Kegiatan ini menegaskan bahwa KKN Tematik memiliki peran vital sebagai media penguatan pengawasan partisipatif. Meski menghadapi tantangan berupa keterbatasan anggaran dan respon masyarakat yang beragam, peluang kolaborasi dengan perguruan tinggi terbuka lebar.

Ketua Bawaslu Jateng, Muhammad Amin, menutup dengan pernyataan tegas: “KKN Tematik harus menjadi ruang pembelajaran kolektif.
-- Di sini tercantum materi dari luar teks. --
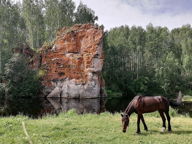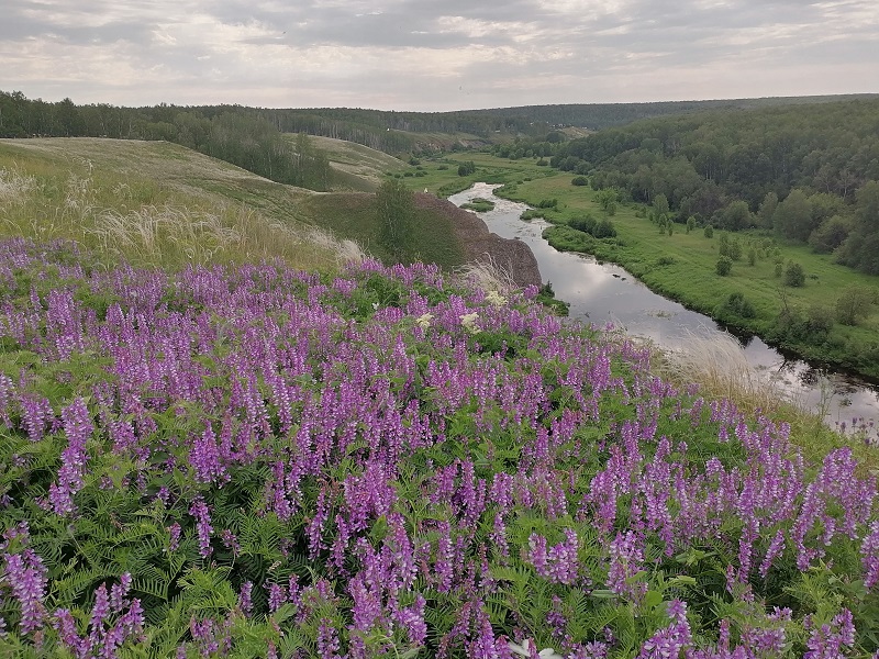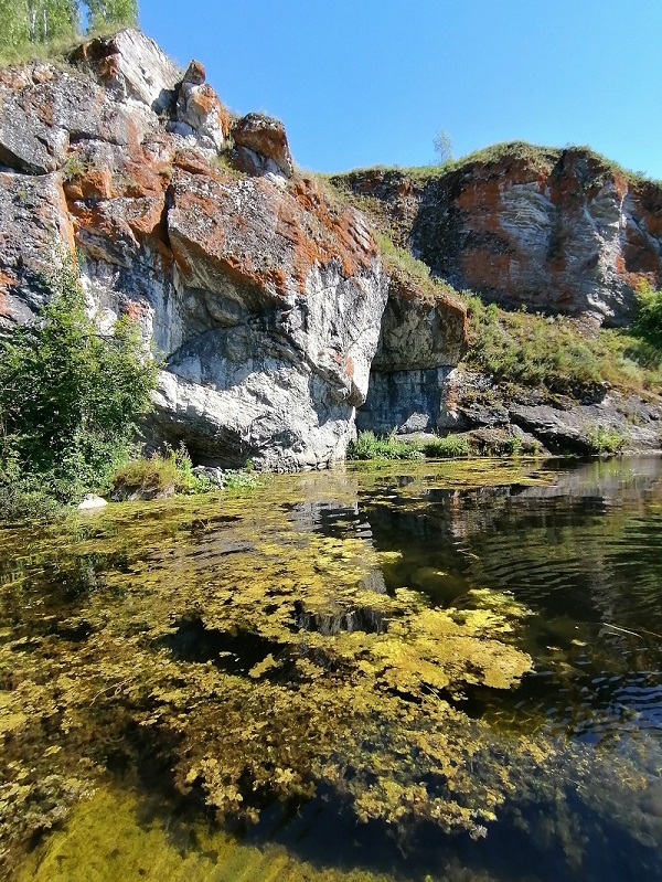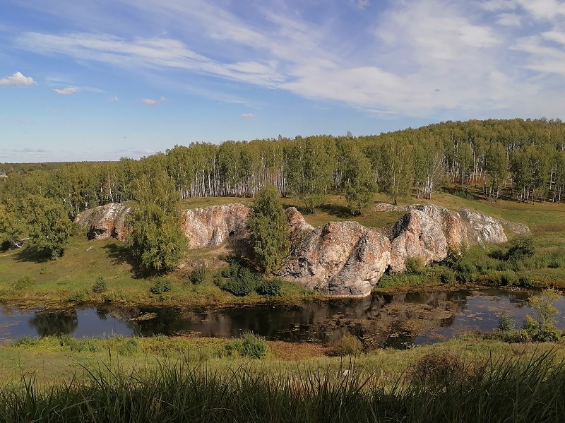 А «невидимкой» я назвала эту реку потому, что ее чудеса скрыты от глаз и даже, можно сказать замаскированы приятным, но вполне рядовым ландшафтом окружения: зарастающие поля, березовые рощи, сосновые леса, раскинувшиеся на вполне ровном рельефе, окружают вас, если вы поедете по автодороге, которая идет параллельно реке, и вы даже не догадаетесь, — если не знали этого заранее,- что, если выйти из машины и пройти не более километра в сторону реки, – вам откроется внезапная и яркая красота природы, заключенная в глубоких распадках, нависших над водой высоких скалах, и прочих интересных природных объектах.
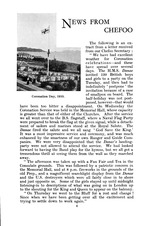 have been too bitter a disappointment. On Wednesday the Coronation Service was held in the Memorial Hall, whose capacity is greater than that of either of the Churches. After the service we all went over to the B.S. flagstaff, where a Naval Flag Party were prepared to break the flag at the given signal, while a detachment of sailors and marines stood at the Royal Salute. The Danae fired the salute and we all sang ‘ God Save the King.’ It was a most impressive service and ceremony, and was much enhanced by the smartness of our own Ranger and Guide Companies...”
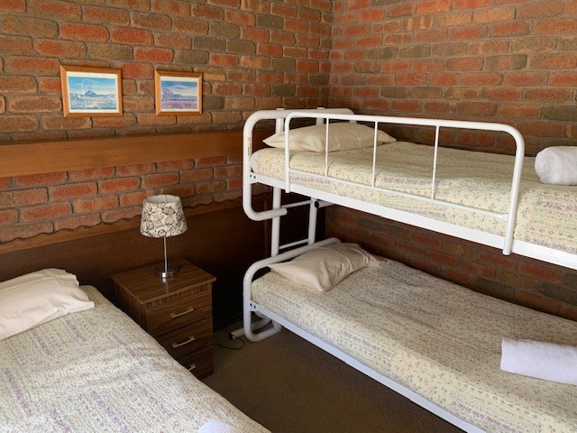 Two Bedroom Family Unit with a Queen Bed, 2 x Singe Beds and a Bunk Bed, suitable for up to six people. Microwave, toaster, tea and coffee supplies, free wifi and located in a quiet off street location.

Mahasiswa tidak hanya belajar, tetapi juga mengajarkan nilai-nilai demokrasi dan integritas kepada masyarakat. Inilah wujud nyata pengawasan partisipatif yang sejati.”

Dengan demikian, KKN Tematik dipandang bukan hanya sebagai program temporer, melainkan sebagai jangkar gerakan kolaboratif yang akan mengikat demokrasi Indonesia pada jalurnya, menuju pemilu yang lebih jujur, adil, dan berintegritas.